*** Opening AVAILABLE RECORDS ***

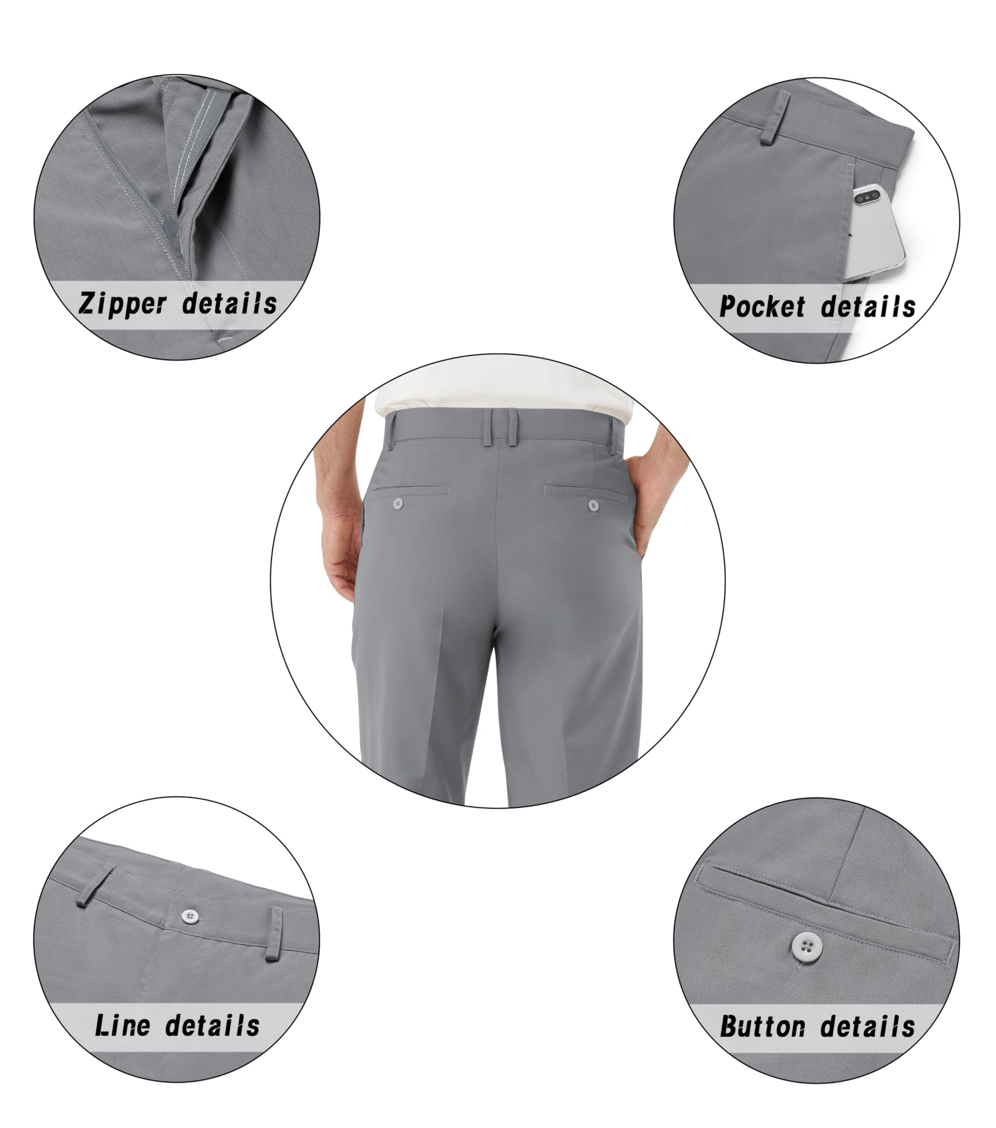 Men's Tall Classic Fit Flex Flat Front Dress Pants Formal Pants for Business & Office Grey
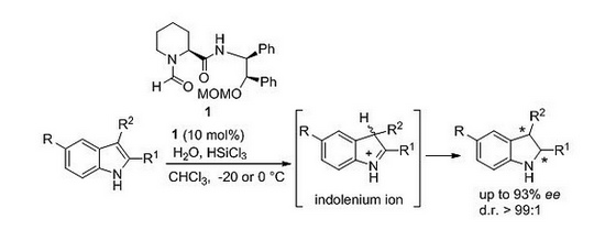 手性吲哚啉是天然产物和一些药物分子中普遍存在的主体骨架,因此对吲哚啉及其衍生物的高对映选择性合成方法研究一直是有机化学和药物化学研究的热点之一。直接对吲哚类化合物进行不对称催化还原是合成手性吲哚啉的一种最直接有效的方法,但适用于该方法的催化体系几乎全部为过渡金属催化剂,仅有的一例有机小分子催化体系也仅限于对3H-吲哚的还原。
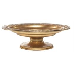 Tiffany Furnaces compote, bronze with its original gold doré patina and tooled and enameled design at edge, inscription to center H.C. and W.E.S. 1876-1926, signed Louis C. Tiffany Furnaces Inc. Favrile 506 and incised 84-2-82, 10.25”dia. x 3”h
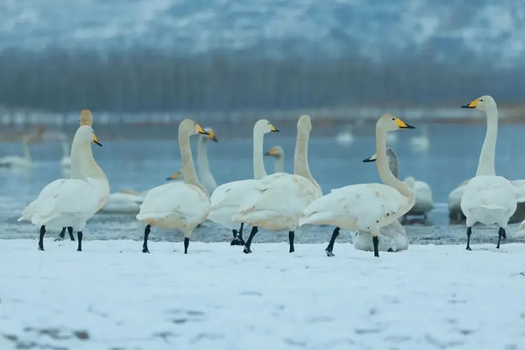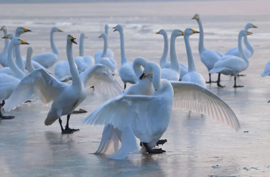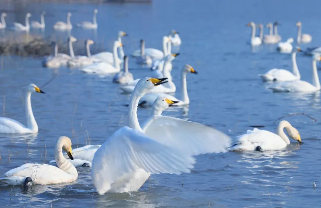 灵宝沿黄生态廊道水草丰美,引来大批白天鹅栖息越冬,仪态优雅的白天鹅掠过水面,舒展着翅膀,使人仿佛置身仙境,流连忘返。
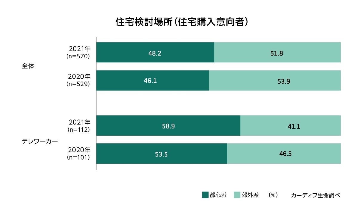 - 住宅購入の検討場所、「都心派」と「郊外派」が拮抗。テレワーカーは利便性を求めて都心志向が高まる

*** Closing AVAILABLE RECORDS ***

#### ASSIGNED TASK
Would you copy out every entry above word for word, without the pictures?

#### WRITTEN ANSWER
 Men's Tall Classic Fit Flex Flat Front Dress Pants Formal Pants for Business & Office Grey
 手性吲哚啉是天然产物和一些药物分子中普遍存在的主体骨架,因此对吲哚啉及其衍生物的高对映选择性合成方法研究一直是有机化学和药物化学研究的热点之一。直接对吲哚类化合物进行不对称催化还原是合成手性吲哚啉的一种最直接有效的方法,但适用于该方法的催化体系几乎全部为过渡金属催化剂,仅有的一例有机小分子催化体系也仅限于对3H-吲哚的还原。
 Tiffany Furnaces compote, bronze with its original gold doré patina and tooled and enameled design at edge, inscription to center H.C. and W.E.S. 1876-1926, signed Louis C. Tiffany Furnaces Inc. Favrile 506 and incised 84-2-82, 10.25”dia. x 3”h
 灵宝沿黄生态廊道水草丰美,引来大批白天鹅栖息越冬,仪态优雅的白天鹅掠过水面,舒展着翅膀,使人仿佛置身仙境,流连忘返。
 - 住宅購入の検討場所、「都心派」と「郊外派」が拮抗。テレワーカーは利便性を求めて都心志向が高まる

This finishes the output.